Uh, Victor... the OP is expressing his surprise that there exists at least
one compiler for which sizeof(std::string) is 4, not that every compiler
returns 4... (existential vs. universal quantifier....)
 
K

Karl Heinz Buchegger

So my main question is: Assuming that sizeof(char*) equals 4, how
is it possible that sizeof(std::string) can be 4 on any compiler?

I really don't know how the GNU people implemented std::string.
But who says that the pointer in std::string has to point to the
characters?
What about an intermeidate structure which holds, amongst the other
things you mentioned, a reference counter? Then it would be possible
that in

std::string st1 = "hello world";
std::string st2 = "hello world";

both strings internally point to the very same memory area

st1 st2
+-------+ +--------+
| o-----------+ +-------------o |
+-------+ | | +--------+
| |
| |
v v
+----------+
| cap: 12 |
| len: 11 |
| ref: 2 |
| data: o--------+
+----------+ |
|
+-------------------------+
|
v
+---+---+---+---+---+---+---+---+---+---+---+---+
| h | e | l | l | o | | w | o | r | l | d | |
+---+---+---+---+---+---+---+---+---+---+---+---+
Also, shouldn't sizeof(std::string) be AT LEAST sizeof(char*) +
sizeof(unsigned int) ? I'm curious why it isn't on the GNU C++
compiler that I'm using.

As said: I don't know if the GNU people did it that way. But it would
be possible.
 
J

jl_post

Victor Bazarov replied:
It does? Really? Wait, didn't you just say that
"Under the Visual C++ 6.0, size1 .. equalled 16"?
And 'size1' _is_ 'sizeof(std::string)', no?
So, why do you say "sizeof(std::string) returns 4
with any compiler"? It apparently does NOT in VC++
6.0...


I apologize, Victor. When I said "it returns 4 with any compiler" I
did not mean "it returns 4 with EVERY compiler." By using the word
"any" I meant to say that "if there exists any compiler with which
sizeof(std::string) returns 4, then I have trouble understanding why 4
is returned."

And you are right in saying that it apparently does not return 4 in
VC++ 6.0. My point was that it made sense to me that VC++ returned a
value greater than 4, but I was confused that some compilers (by which
I mean GNU C++ and not VC++ 6.0) returned 4.

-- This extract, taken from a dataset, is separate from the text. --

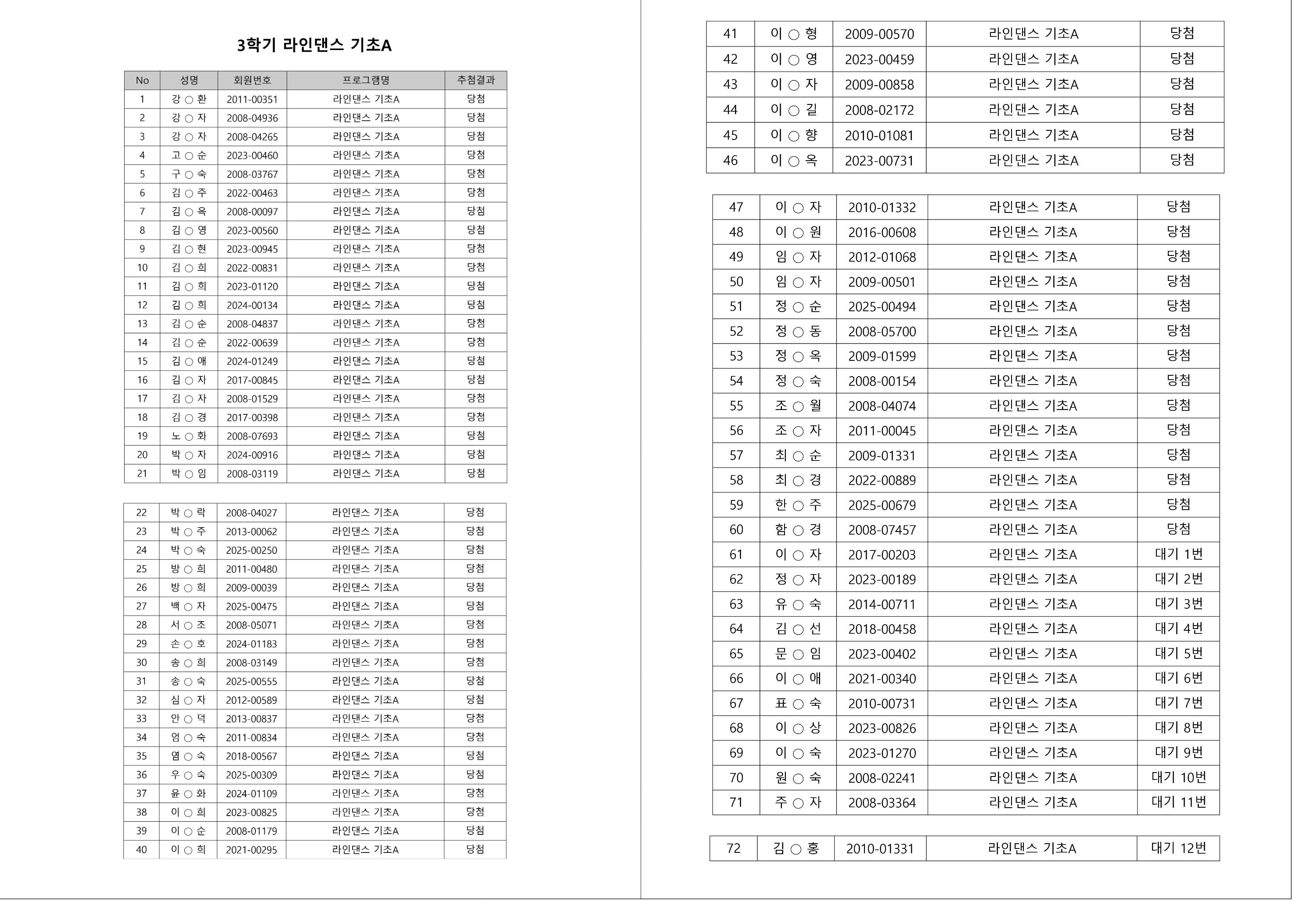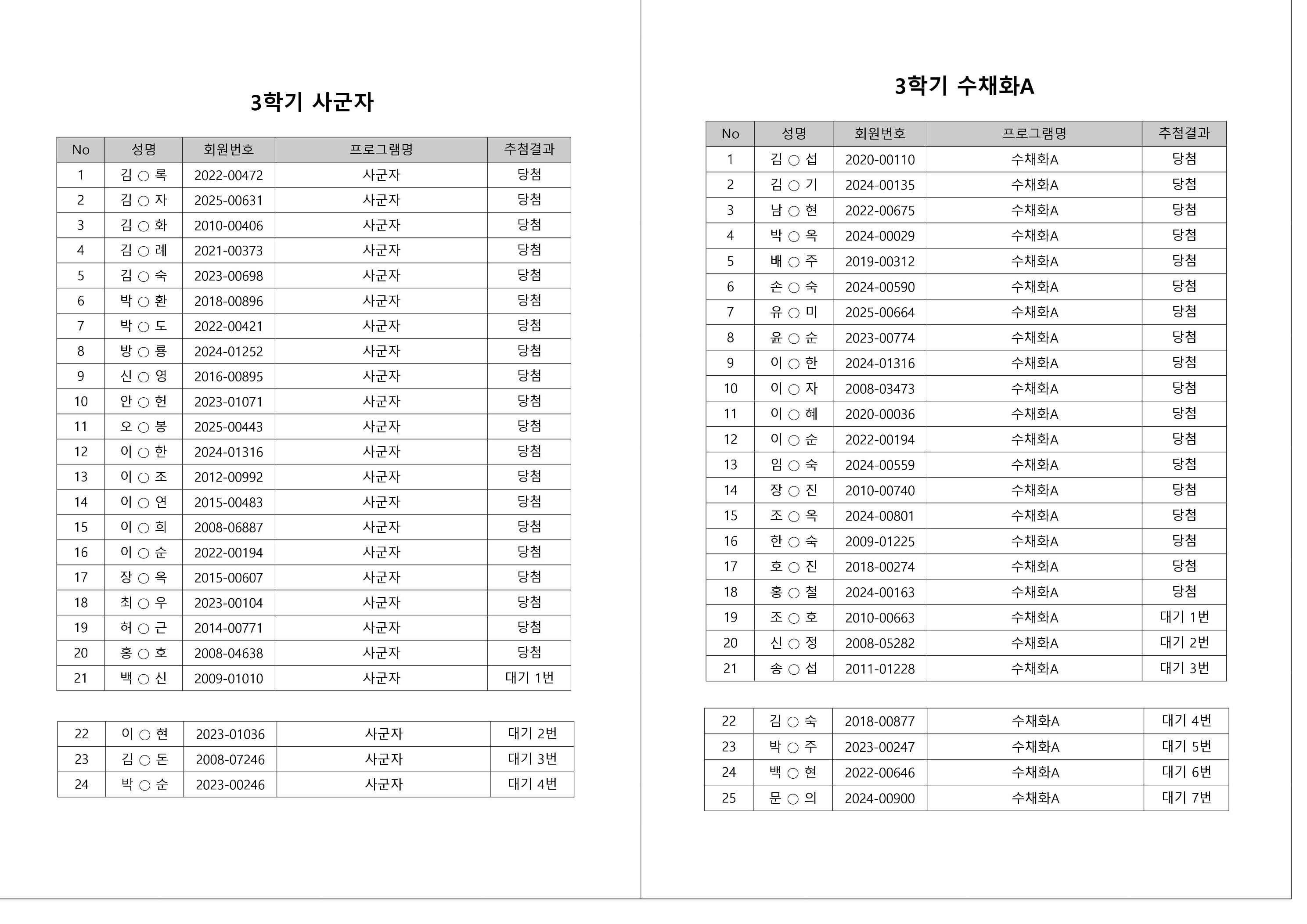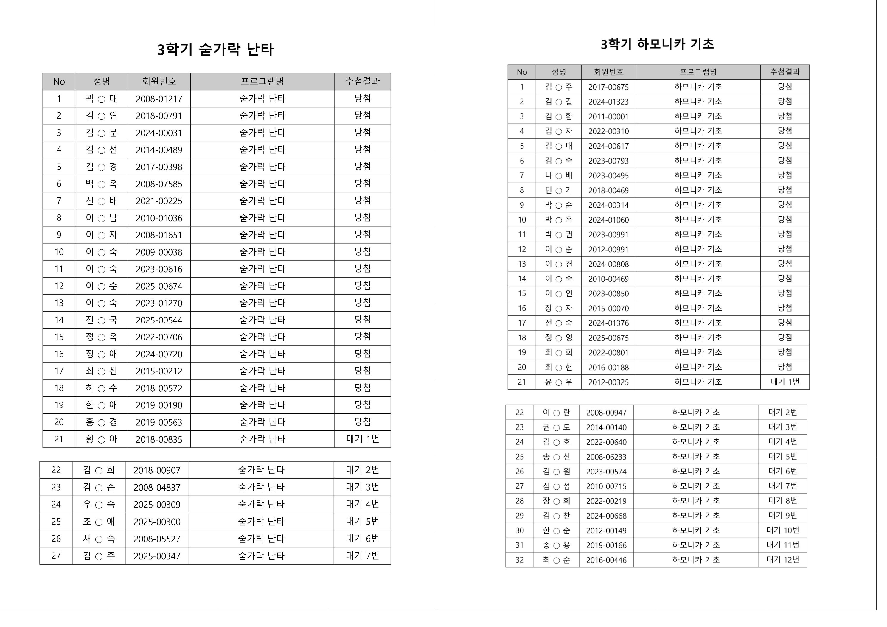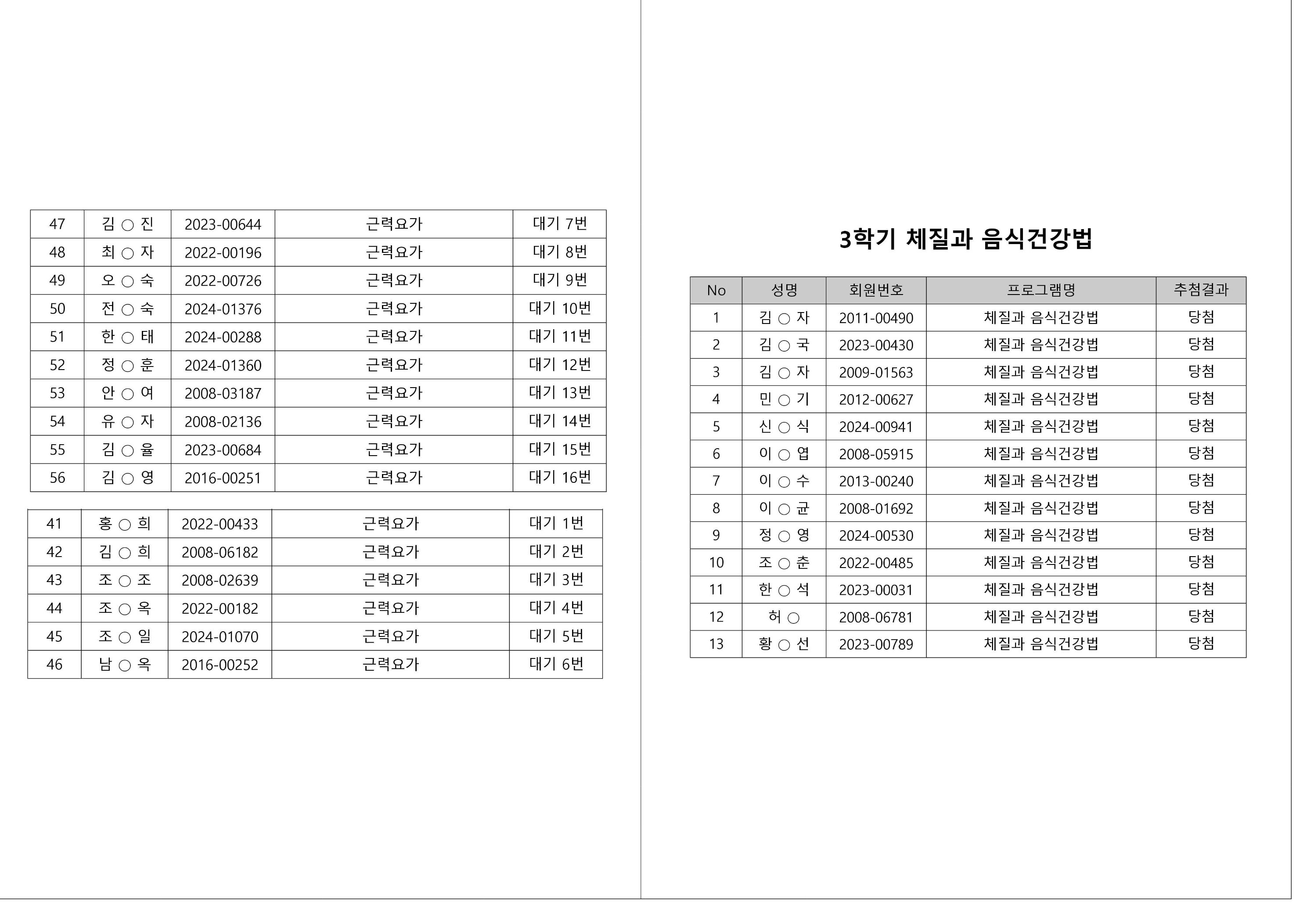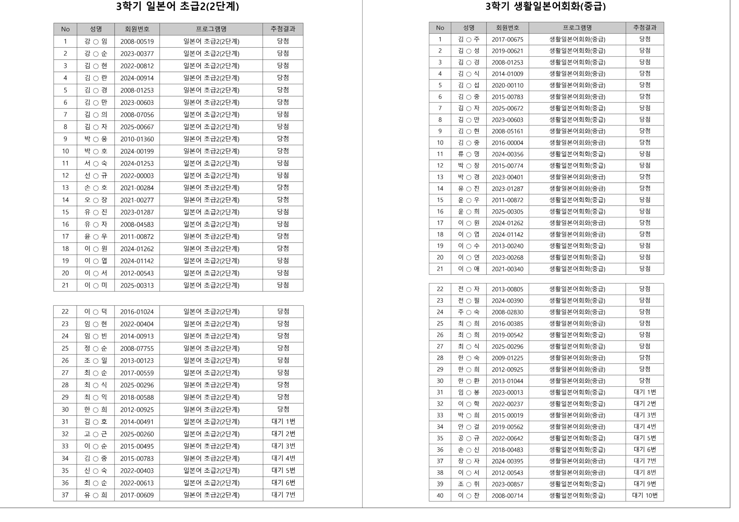 대기자의 경우, 대기자 접수 진행일자별로 매번 직접 확인하셔야합니다.

By using the word "any," I didn't mean "every."

Sorry for the misunderstanding, Victor.

-- Jean-Luc
 
V

Victor Bazarov

Andre said:
@newsread1.mlpsca01.us.to.verio.net:




Uh, Victor... the OP is expressing his surprise that there exists at least
one compiler for which sizeof(std::string) is 4, not that every compiler
returns 4... (existential vs. universal quantifier....)

My apologies. English is not my native tongue, I sometimes have trouble
with it.

V
 
H

Howard Hinnant

Karl Heinz Buchegger said:
std::string st1 = "hello world";
std::string st2 = "hello world";

both strings internally point to the very same memory area

st1 st2
+-------+ +--------+
| o-----------+ +-------------o |
+-------+ | | +--------+
| |
| |
v v
+----------+
| cap: 12 |
| len: 11 |
| ref: 2 |
| data: o--------+
+----------+ |
|
+-------------------------+
|
v
+---+---+---+---+---+---+---+---+---+---+---+---+
| h | e | l | l | o | | w | o | r | l | d | |
+---+---+---+---+---+---+---+---+---+---+---+---+

Nice ASCII art! :)

Just fyi, "Effect STL" by Scott Meyers does a nice survey std::string
layouts circa 2000 (Item 15). Things have changed since then in at
least one implementation I'm aware of (CodeWarrior) but it is still a
nice survey.

The above diagram is very close to "Implementation B" from this survey.
"Implementation C" from the survey gives an example where sizeof(string)
would be equal to sizeof(char*).

-Howard
 
J

jl_post

Wow! Thank you all for the extremely fast responses!

I never really thought the pointer pointing to another structure
altogether (as opposed to pointing to an array of chars), but it makes
a lot more sense now, especially having peeked at the source (at
Victor's suggestion).

(To find the file it was using for the #include, I ran:

c++ -E source.cpp

and used the output to find the full pathname of the "string" header
file.)

Let me say that the header file is much, much larger than I thought
it would be! Yet, strangely enough, sizeof(std::string) is still just
a tiny value of 4. (I guess that's not so strange when you think about
it: the methods don't really contribute to the literal size of the
object -- they're only there to be used when they're needed.)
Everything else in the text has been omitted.